南茜披着被子来开的门,小脸通红,我摸了摸她额头:“吃药了吗?你在发烧哦。”
“吃过了,刚才睡了一觉,已经好多了!”南茜打了个呵欠,拥着被子往卧室里走。
我跟在她后面进了卧室,看她弓着腰在床上蜷成一团,我帮她把被子四角掖好,轻声问:“给你倒点水喝,好不好?”
她哼了一声,从被窝里伸出手抓住我:“别去,在这陪我。”
她的手很烫,我把她的手塞回被窝里,低下头碰碰她的额头:“量过温度没?你好烫啊。我带你去医院打针吧?”
她摇摇头,把我勾进被窝里,一个火热的身躯马上钻进我怀里,南茜抬头一笑:“我成这样都怪你,知道么?我要你赔……”
被窝下的她什么都没穿,触手之处全都是光溜溜的,滑不留手。
我拍拍她的背,说:“你这么烫,敢情是欲火焚身来的?”
她嘻嘻笑着,手沿着我T恤的边缘拉扯:“你不知道发烧这种事,出出汗……就会好的么……”
我咬咬嘴唇,一本正经的说:“发烧倒没听过,发 骚……倒是听过。”
“臭猴子……小坏蛋!”她笑骂着把手伸到我的腋下呵痒。
我跟她闹了一会儿,看到她的脸变的越加粉嫩,额上也出了薄薄的一层汗,望着我的眼睛似要滴出水来。
“非凡……”她的手钻进我T恤下摆,沿着脊背向下摸索。
“你在生病……”我捧起她红扑扑的小脸,轻轻吻了一口。
她嘴角翘起一个微笑,伸头追逐着我的唇,意欲加深这个吻。
“南茜,你还真是欲求不满……”我被她追得无处可躲,只能仰头接受她唇舌的侵占。
她的唇就像她的人一样火热,整个身体绵软的如同一条蛇,紧紧盘附在我身上。

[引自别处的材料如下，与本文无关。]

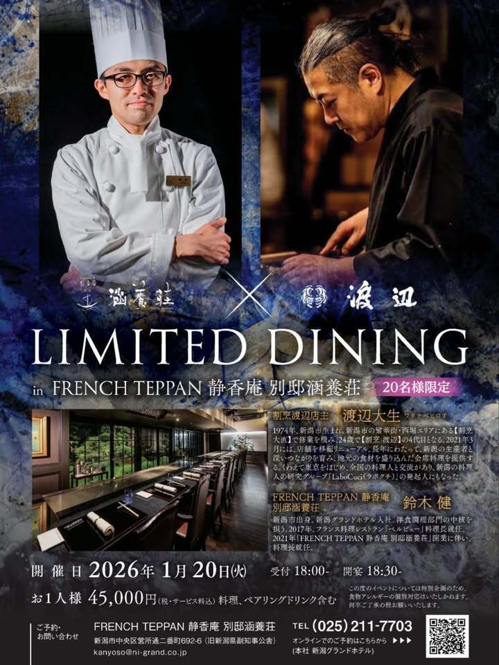 #割烹渡辺 #渡辺大生 #別邸涵養荘 #鈴木健 #LIMITEDDINING リミテッドダイニング 新潟グランドホテル ペアリング
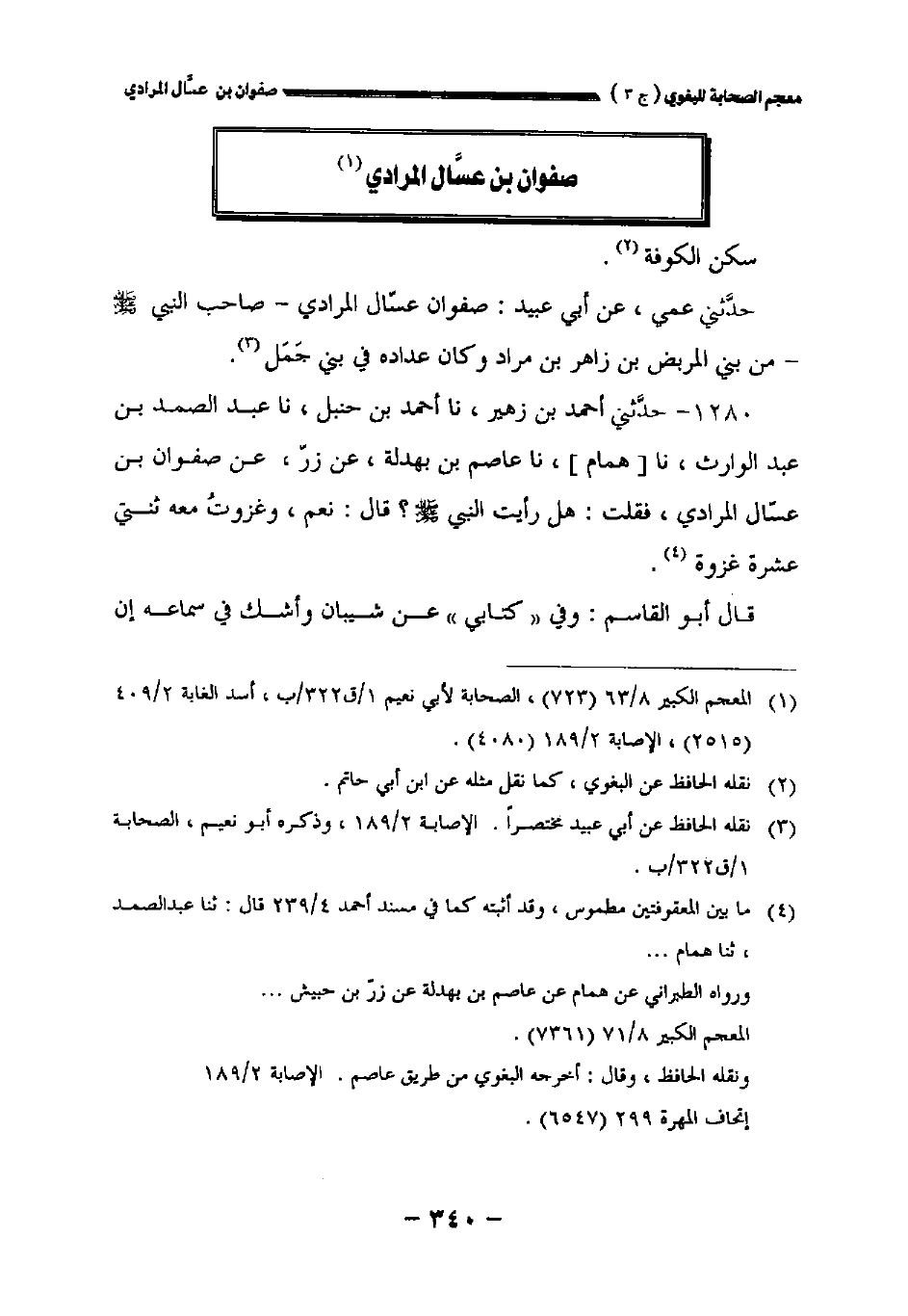 ١٢٨٠ - حدثني أحمد بن زهير نا أحمد بن حنبل نا عبد الصمد بن عبد الوارث نا [همام] نا عاصم بن بهدلة عن زر عن صفوان بن عسال المرادي فقلت: هل رأيت النبي صلى الله عليه وسلم؟ قال: نعم وغزوت معه ثنتي عشرة غزوة.
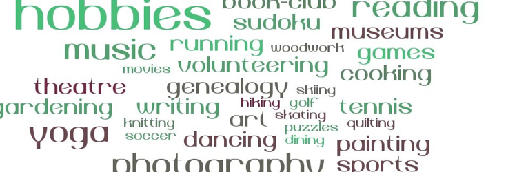 Hobbies are also very individual. What might qualify as a hobby for you might not for someone else. In general though, a few great examples of hobbies are cooking, dancing, gardening, knitting, music, painting/art, photography, puzzles, reading or a book club, a sport (tennis, golf, soccer, skiing, yoga, etc.), traveling and writing.
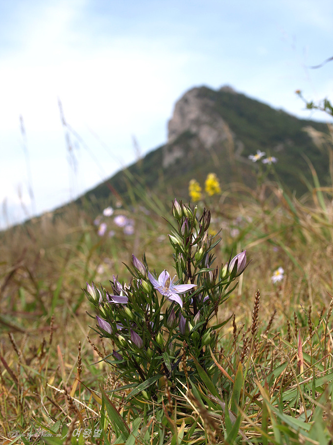 능선 위 너른 자리에 자주쓴풀이 귀엽다.
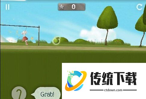 在游戏中老奶奶需要抢在盗贼前拿到苹果,顺便还要在路上赚取购买道具的金币,每次成功跳跃都会获得评价分数。
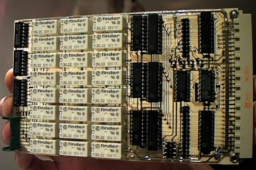 Aus diesen Erkenntnissen entstand ein Entwurf für einen anderen Universal Pin Driver, bei dem entscheidende Schaltvorgänge mit Relais vorgenommen wurden. Der Aufwand ist erheblich, bietet aber einige Vorzüge. Die hier ohne "daughther board" dargestellte Platine steuert 8 Pins an, wovon jeder unabhängig auf Masse, eine von vier Programmier- oder Versorgungsspannungen oder einen CMOS-/TTL-Ausgang geschaltet werden kann. Der TTL-Ausgang beherrscht die Modi push-pull und open collector (theoretisch auch open emitter, was mir bisher in der Praxis jedoch nicht begegnet ist), wobei unabhängig davon pull-up-Widerstände zugeschaltet werden können. Der Ausgangstreiber wird über einen Multiplexer entweder mit log.0, log.1 oder einem von zwei möglichen Takt- oder Steuersignalen beaufschlagt. Die TTL-Leitungen verfügen über schnelle Schottky-Dioden als Überspannungsschutz gegen Masse und die Versorgungsspannung der Treiber, die im Übrigen zwischen 2.5 und 6V gewählt werden kann. Neben dieser Platine vom Herbst 1998 existiert noch ein Versuchsaufbau eines Netzteils, das die interne Logik sowie die Treiberschaltkreise versorgen und letztere auch überwachen kann, es sollten programmierbare Schaltschwellen für maximalen Ausgangsstrom sowie eine Erkennung von aussen eingespeister Ströme, z.B. durch einen defekten Baustein im Programmiersockel, realisiert werden. Die Planung ging dahin, 8 dieser Baugruppen mit dem bereits fast fertig gestellten Netzteil, zwei PLL-basierten programmierbaren Taktgeneratoren und vier programmierbaren geregelten Netzteilen in zwei 19"-Baugruppenträgern zu montieren. Das bereits an diesem Punkt anspruchsvolle Pflichtenheft wurde weiter ergänzt durch besondere Wünsche die Taktgeneratoren betreffend, so sollten z.B zwei gegenphasige Signale generiert werden können; ferner sollten die vier Netzteil-Module im Bereich von 0 bis 30 Volt bei umkehrbarer Polarität programmierbar sein, über eine einstellbare Strombegrenzung verfügen sowie bei Erreichen einer vorher festzulegenden Überspannungsschwelle sofort abschalten, um ein eventuell nicht ersetzbares Bauteil vor Beschädigung zu schützen. Ferner sollten Anstiegs- und Abfallzeiten programmierbar sein, was für die reproduzierbare Verarbeitung bestimmter PROM-Typen unumgänglich ist. Um schliesslich weitergehende Messungen am zu programmierenden Baustein durchzuführen, verfügt die Pin-Driver-Karte über einen kaskadierbaren Analog-Multiplexer.
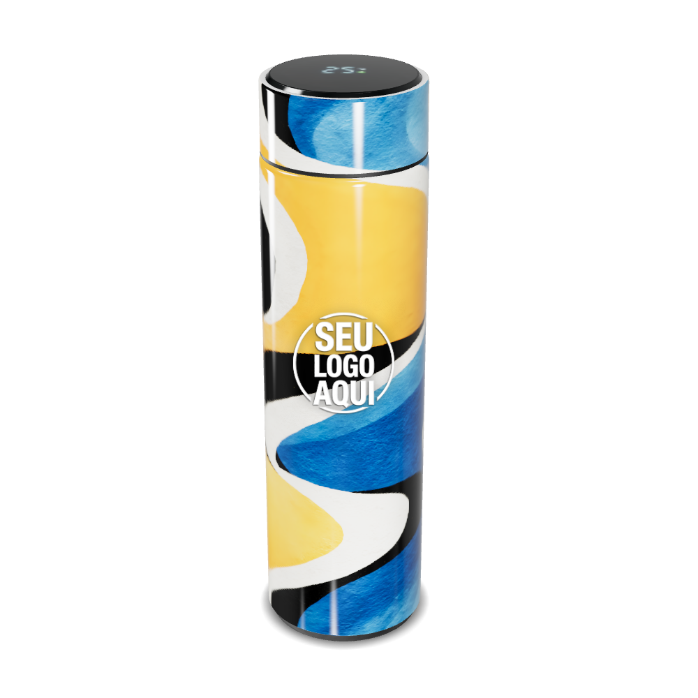 Garrafa térmica em aço inox com parede dupla 450ml com infusor, Display LED com termômetro digital na tampa para indicar a temperatura do líquido, Conserva líquido quente por até 5 horas e líquido frio até 7 horas
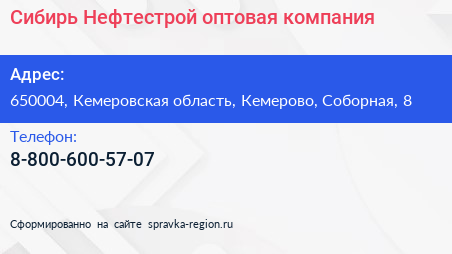 Сибирь-Нефтестрой, оптовая компания по адресу 650004, Кемеровская область, Кемерово, Соборная, 8 в дальнейшем Организация, размещена в следующих категориях:
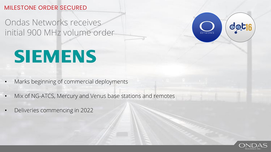 MILESTONE ORDER SECURED • Marks beginning of commercial deployments • Mix of N G - A T CS , Mercury a nd V e n us b a se statio n s a nd remotes • Deliveries commencing in 2022 Ondas Networks receives initial 900 MHz volume order
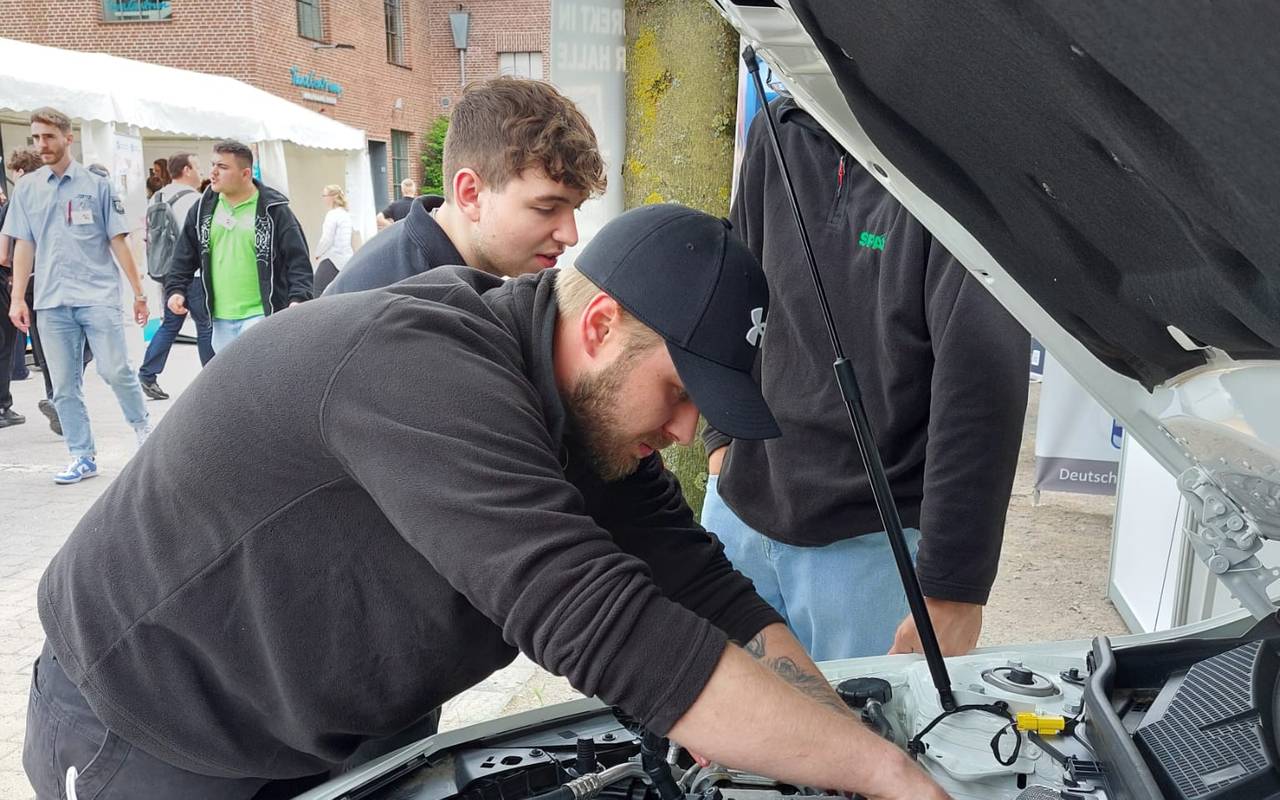 Fokus der diesjährigen Ausbildungsmesse: Selbst ausprobieren können. Das konnte man an vielen verschiedenen Stationen. Selbst einen Reifen wechseln, einen Menschen reanimieren oder selbst Dachziegel zurechtschlagen. Viele interaktive Möglichkeiten gab es vor Ort.
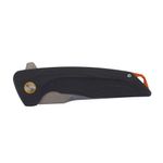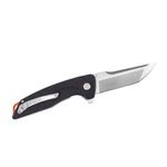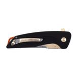 O cabo em G10 (fibra de vidro) oferece pegada firme, leveza e resistência a impactos, além de um visual tático e discreto em preto fosco. Conta ainda com orifício para cordão porta-fiel, agregando praticidade ao transporte.
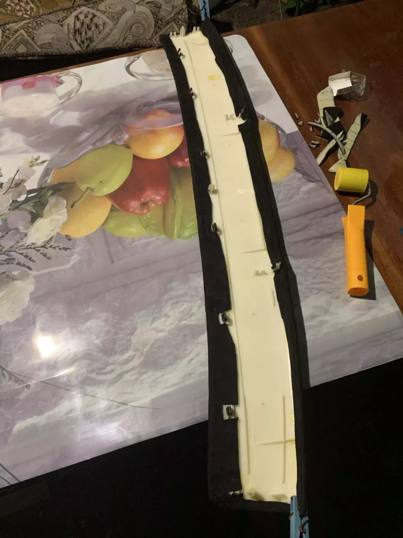 Клеил целый день, ведь нужно ждать пока клей начнет проявлять адгезию спустя 5-10 минут, плюс пока обезжирить и дать высохнуть, ведь со стоек ткань слезла а вот подкладка ос плачь и на ней не так быстро высыхал обезжиривать, клеил по верху старой подкладки потому что сдереть ее нереально, плюс она была даже к лучшему ведь клей ещё лучше брался. Купил специальные прикатывающие валики паралоновый и пластиковый в эпицентре цена 200 грн за пару.
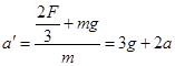 3、填空题 如图所示,用细绳拉着小球A向上做加速运动,小球A、B间用弹簧相连,二球的质量分别为m和2m,加速度的大小为a,若拉力F突然撤去,则A、B两球的加速度分别是___?___ 和_?_____.
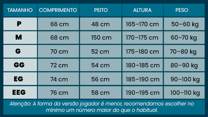Medidas de Camisa Jogador ×
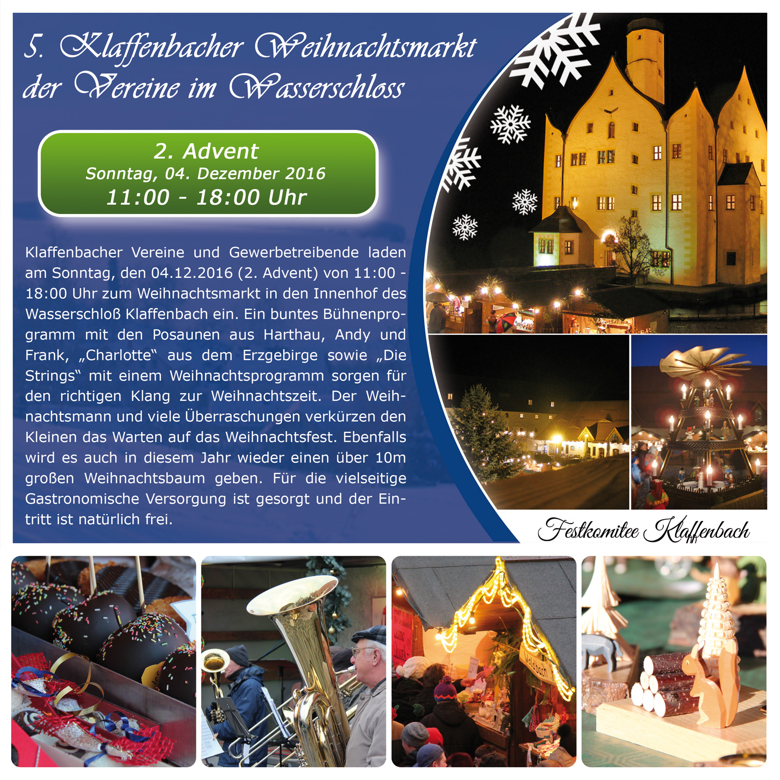 Klaffenbacher Vereine und Gewerbetreibende laden am Sonntag, den 10.12.2017 (2. Advent) von 11:00 - 18:00 Uhr zum Weihnachtsmarkt in den Innenhof des Wasserschloß Klaffenbach ein. Ein buntes Bühnenprogramm mit den Lichtensteiner Turmbläsern, der Kreuzkirche Klaffenbach, Andy & Frank und der Band "Die Strings" mit einem Weihnachtsprogramm sorgen für den richtigen Klang zur Weihnachtszeit. Der Weihnachtsmann und viele Überraschungen verkürzen den Kleinen das Warten auf das Weihnachtsfest. Ebenfalls wird es auch in diesem Jahr wieder einen über 10m großen Weihnachtsbaum geben. Für die vielseitige Gastronomische Versorgung ist gesorgt und der Eintritt ist natürlich frei.
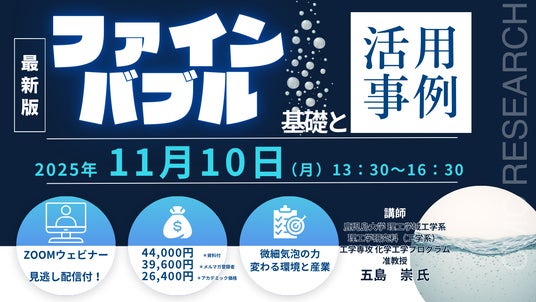 【ライブ配信/ZOOM】「ファインバブルの基礎と活用事例」セミナー開催!11月10日(月)主催:(株)シーエムシー・リサーチ
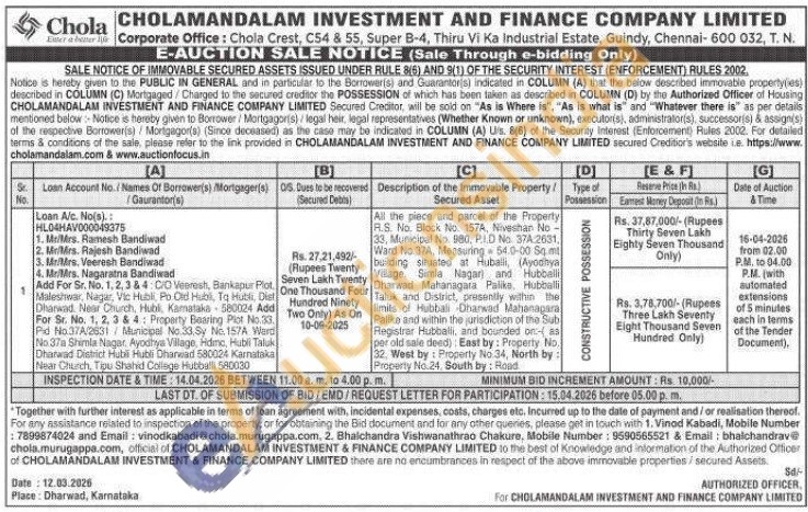 All the piece end parcel of the Property R.S. No Block No. 1574, Niveshan No-33, Municipal No. 980, P.1.0 No. 374 2631, Ward No.37A, Measuring 54.0-00 Sqmt buiding situated at Huballi, (Avodaya Village. Simla Nagari and Hubballi Dharwad Mahanagara Palike. Hubballi Taluk and District, presently within the limits of Hubbali Dharwad Mahanagara Palike and within the jurisdiction of the Sub Registrar Hubballi, and bounded on as per old sale deed): East by: Property No. 32, West by: Property No 34, North by: Property No.24. South by: Road
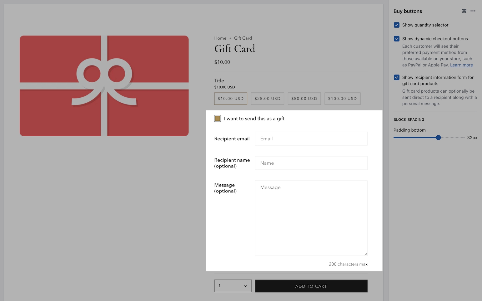 Customers can now send a gift card directly to the recipient's email and include a personal message.

如果单就肉体来讲,比起封情,我更迷恋南茜的身体。她的肌肤细腻弹滑,手感极佳。更重要的是,我们之间有一种无法用言语来形容的吸引力,就像两块不同极的磁铁,只要稍加碰撞,就会紧紧的吸在一起。
南茜是一团火,激情四射,简直可以将人融化。
每一次,我都会紧紧的被这团火包围,加以翻滚灼烤,似要把身体内的水份全部挤干。
她笑着说:“小猴子,把病传染给你,我就好了。”
南茜的手指是那种很纤细且修长的。原谅我,不太会形容人家的手。平心而论,我很少注意别人的手指,特别是圈里人的。尤其觉得看t的手指就跟看着人家生殖器官一样让人难堪。当然,南茜不是t,她和我一样,都是攻与受的完美结合体。阿吉说圈里的PP越来越少,要是都能像你这样进可攻退可守就好了,当然,外貌看上去再娘一点。
南茜说,只有女人最了解女人需要的是什么。
我曾毫不留情的否决她:屁话!除非你天天自慰,不然,你怎么会知道女人要什么?再说了,每个人的生理结构都不同,九曲十八弯的,你就能熟悉每条道儿?就能保证条条大路通罗马?
南茜说:费非凡,你流氓起来比流氓还流氓。
我笑:谢谢你能用这么富有哲理的一句话来概括我的优点。
南茜认为技术比手指粗细来的更重要一些。她说女人更注重调情和前戏。说实话,我不太认同,这只是她用来掩饰自己生理缺陷(手指细)的说法和贬低我良好的自身条件(手指粗)的诋毁罢了。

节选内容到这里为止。